According to the new management, the purpose of the new theatre was to provide live music concerts to young people and to provide them with an alternative venue. After a slow start, the venue began to gain in popularity, and for Mary Black's concert in December 1989, Limerick audiences queued in the streets outside the theatre for the first time since John McCormack's concert in 1905. In February 1990, classical music was reintroduced to the theatre when the Tuckwell Wind Quartet gave a performance, and two weeks later, the Irish Operatic Repertory Company from Cork revived opera at the Royal with a choir of 45 singers.

Cranberries Concert Ticket, 1991

Disaster struck the Theatre Royal on 6 March 1990, when the newly restored theatre went on fire. The cause was an electrical fault. No personal injuries were sustained, but the damage to the theatre was severe. The theatre required major reconstruction once again and was reopened on Sunday, 3 February 1991, by Brendan Daly, TD, Minister of State for Heritage Affairs, in the presence of the Mayor Madden, and members of Limerick Corporation, to a musical performance by Mary Black.

In December 1991, a relatively unknown local band called The Cranberries played to a small audience in the theatre. Word spread quickly, and their second performance a few weeks later was a sell-out. The band went on to sell an estimated 43 million albums worldwide before disbanding in 2003. The band returned to play in the theatre a number of times up to 1994.

Channel 4 filmed a sequence of their award-winning comedy series, Father Ted, in the theatre in December 1995. Indeed, both Dermot Morgan and Ardal O'Hanlon were regular performers at the theatre during the 1990s. The Corrs (1994), Boyzone (1994, 1995) and The Prodigy (1995) all performed at the Theatre Royal before they achieved mainstream popularity. Other notable performers included Dolores Keane, Sharon Shannon, Don Baker, Paul Brady, Davy Spillane, Liam Ó Maonlaí, Julian Lloyd Webber, and The Saw Doctors. Despite the relative success of the venue, the Theatre Royal closed for the last time in 1998.

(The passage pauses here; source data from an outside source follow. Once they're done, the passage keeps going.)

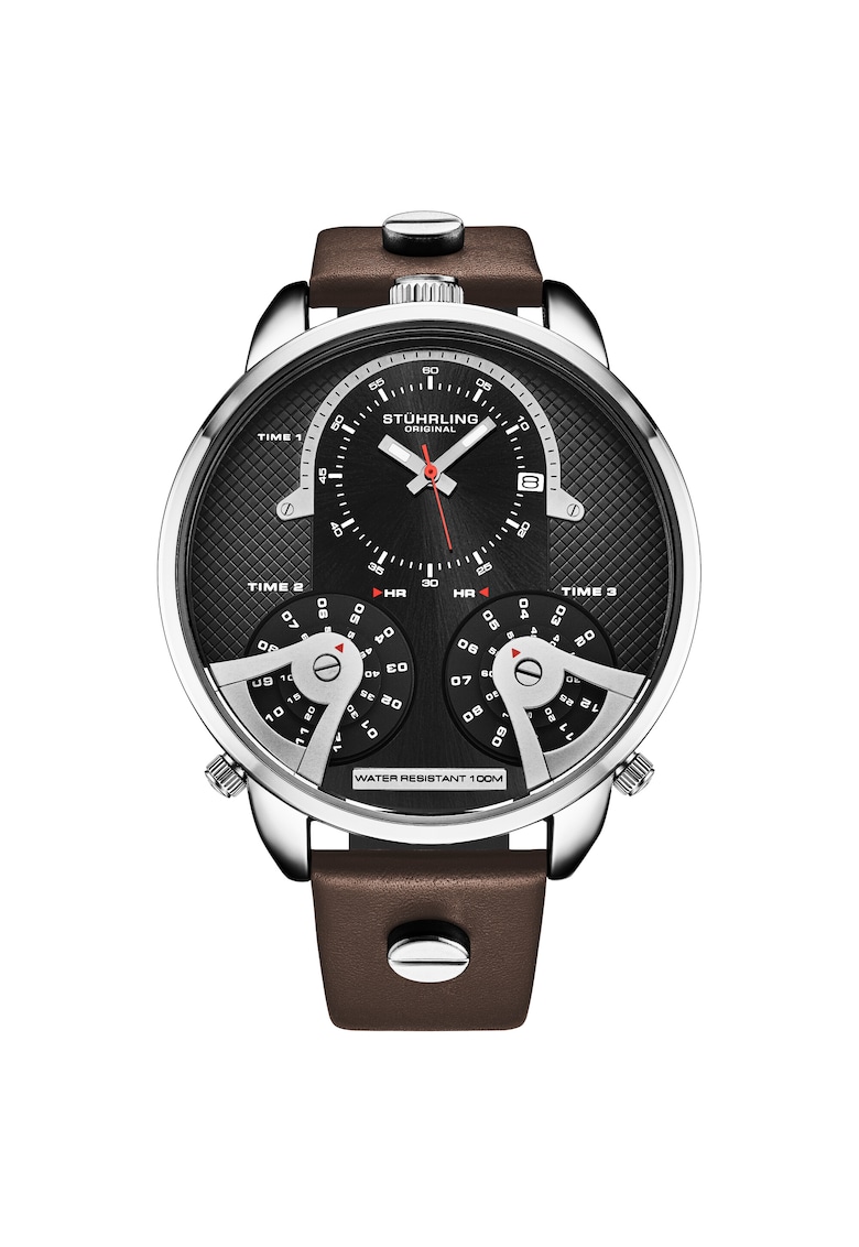 - mai multe fuse orare Rezistenta la apa: 10 atm Cadran Material geam: cristal mineral Tip citire cadran: cifre arabe Carcasa Forma carcasa: rotunda Material carcasa: aliaj Culoare carcasa: argintiu Diametru carcasa: 50 mm Curea/bratara Tip: curea Material curea/bratara: piele naturala Culoare curea/bratara: maro inchis
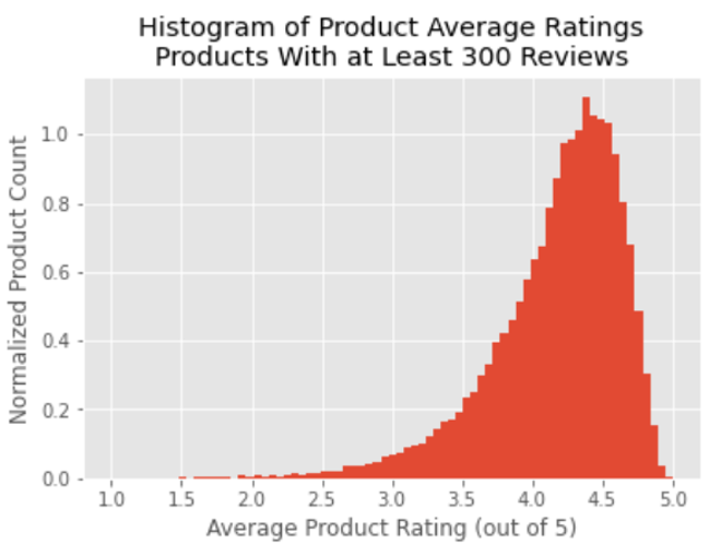 After grouping the reviews by product, the graphical representation of the average product rating distribution revealed neatly organized data. The data took on the appearance of a normal distribution with a very fat lower tail.
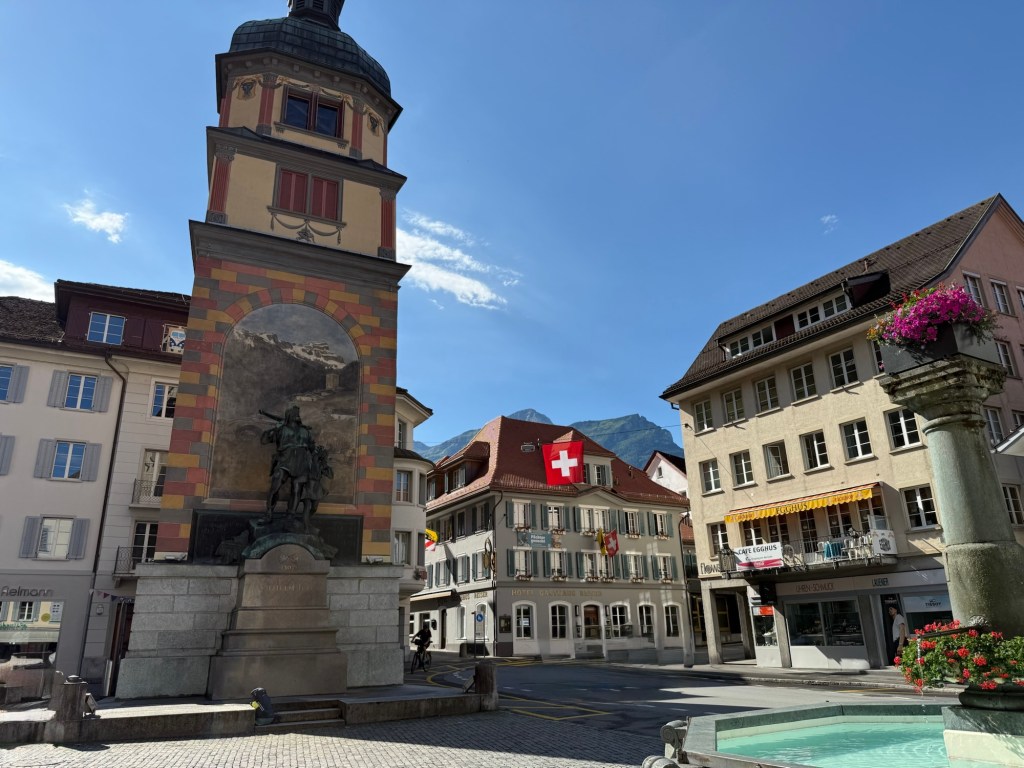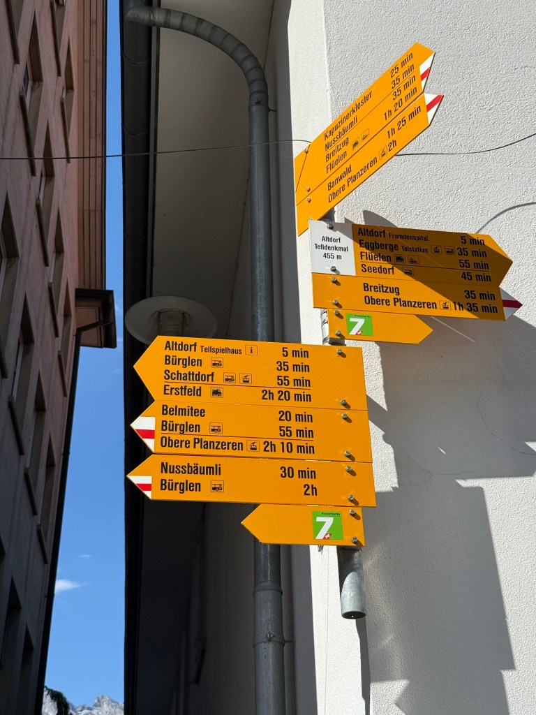 Mit vollgepacktem Rucksack, der mit Wanderstöcken, Proviant und zwei Wasserflaschen etwa 14kg wiegt, bin ich kurz vor zehn Uhr in Altdorf angekommen. Nach der Besichtigung des Türmchens und einem Kaffee war ich startklar für das Wanderabenteuer Via Gottardo.
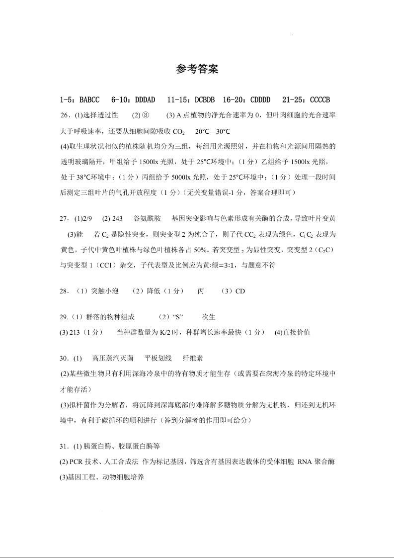 高三生物答案--江西省临川第一中学高三上学期10月期中

In Darren Shan's 2000 novel Cirque du Freak, the eponymous freak show takes place in an old abandoned theatre based on the writer's recollections of the Theatre Royal.

In 2024, the theatre was used in the production of One Night Only, a feature film written and directed by Limerick native David Gleeson, and starring Colin Morgan as a small-town cinema manager who struggles to keep order on a particularly wild Friday night.

==Current use==
The original Athenaeum Building was used as a school from the 1940s to the 1960s and was known in Limerick as the "One Day" Boys School. In 1973, the City VEC moved its administrative headquarters from O'Connell Street to the Athenaeum Building. In 2003, a €1m Department of Education and Science-funded refurbishment programme was completed. This refurbishment project was carefully designed to preserve the historical building's important architectural features, including external facade, internal stairways, and sash windows, while at the same time providing the most modern in terms of access, furnishing, and technology.

In the late 1990s, ownership of the Athenaeum Hall reverted to the VEC. In 2012, the VEC applied for planning permission for a film and digital media centre in the hall. The project involves the provision of three auditoriums, multipurpose lecture and performance space, digital lounge, editing studios, meeting rooms, and a cáfe. The objectives of the centre are to provide a centre of excellence in film and digital media and create opportunities for the hundreds of media and computer science students who graduate from Limerick colleges every year. Limerick City Council granted planning permission in late 2012 and the first phase of the development it is expected to be ready for fit-out by mid-2014. Further development of the site is to include incubation space for business start-ups and a permanent home for the Limerick Museum of Film. The museum will house a private collection which is the second-largest in the country after that of the Irish Film Institute.

From late 2025 it will be used as a pop-up theatre.